__EXERCISE__. From the entries below, please output exactly the lines starting at the one containing "Thus in his" and ending at the one containing "刚步入公园,马上让人注意到的", both included.

RECORD SET START

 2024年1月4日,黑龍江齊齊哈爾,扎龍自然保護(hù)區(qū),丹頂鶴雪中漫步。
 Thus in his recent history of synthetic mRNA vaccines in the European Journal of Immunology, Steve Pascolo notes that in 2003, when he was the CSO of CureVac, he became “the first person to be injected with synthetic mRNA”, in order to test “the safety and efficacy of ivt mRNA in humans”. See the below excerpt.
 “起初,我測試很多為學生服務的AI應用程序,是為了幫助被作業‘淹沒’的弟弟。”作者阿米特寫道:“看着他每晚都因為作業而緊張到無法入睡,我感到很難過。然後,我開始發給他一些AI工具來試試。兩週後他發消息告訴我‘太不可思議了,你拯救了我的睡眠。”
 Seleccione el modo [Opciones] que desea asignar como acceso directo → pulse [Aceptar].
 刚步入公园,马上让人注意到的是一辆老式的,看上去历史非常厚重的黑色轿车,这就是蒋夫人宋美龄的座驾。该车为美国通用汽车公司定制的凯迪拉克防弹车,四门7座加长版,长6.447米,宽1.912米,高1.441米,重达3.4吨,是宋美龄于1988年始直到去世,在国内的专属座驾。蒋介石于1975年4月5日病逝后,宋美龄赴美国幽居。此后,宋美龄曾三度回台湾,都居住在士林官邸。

RECORD SET END
RECORD SET START

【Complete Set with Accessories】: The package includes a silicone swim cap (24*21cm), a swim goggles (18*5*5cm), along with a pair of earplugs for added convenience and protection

RECORD SET END
RECORD SET START

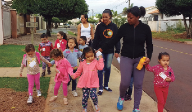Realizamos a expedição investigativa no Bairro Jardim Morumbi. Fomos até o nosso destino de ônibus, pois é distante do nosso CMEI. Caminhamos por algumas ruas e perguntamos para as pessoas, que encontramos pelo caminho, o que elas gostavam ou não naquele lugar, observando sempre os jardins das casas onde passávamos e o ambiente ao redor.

RECORD SET END

__RESULT FOR THIS EXERCISE__.
 Thus in his recent history of synthetic mRNA vaccines in the European Journal of Immunology, Steve Pascolo notes that in 2003, when he was the CSO of CureVac, he became “the first person to be injected with synthetic mRNA”, in order to test “the safety and efficacy of ivt mRNA in humans”. See the below excerpt.
 “起初,我測試很多為學生服務的AI應用程序,是為了幫助被作業‘淹沒’的弟弟。”作者阿米特寫道:“看着他每晚都因為作業而緊張到無法入睡,我感到很難過。然後,我開始發給他一些AI工具來試試。兩週後他發消息告訴我‘太不可思議了,你拯救了我的睡眠。”
 Seleccione el modo [Opciones] que desea asignar como acceso directo → pulse [Aceptar].
 刚步入公园,马上让人注意到的是一辆老式的,看上去历史非常厚重的黑色轿车,这就是蒋夫人宋美龄的座驾。该车为美国通用汽车公司定制的凯迪拉克防弹车,四门7座加长版,长6.447米,宽1.912米,高1.441米,重达3.4吨,是宋美龄于1988年始直到去世,在国内的专属座驾。蒋介石于1975年4月5日病逝后,宋美龄赴美国幽居。此后,宋美龄曾三度回台湾,都居住在士林官邸。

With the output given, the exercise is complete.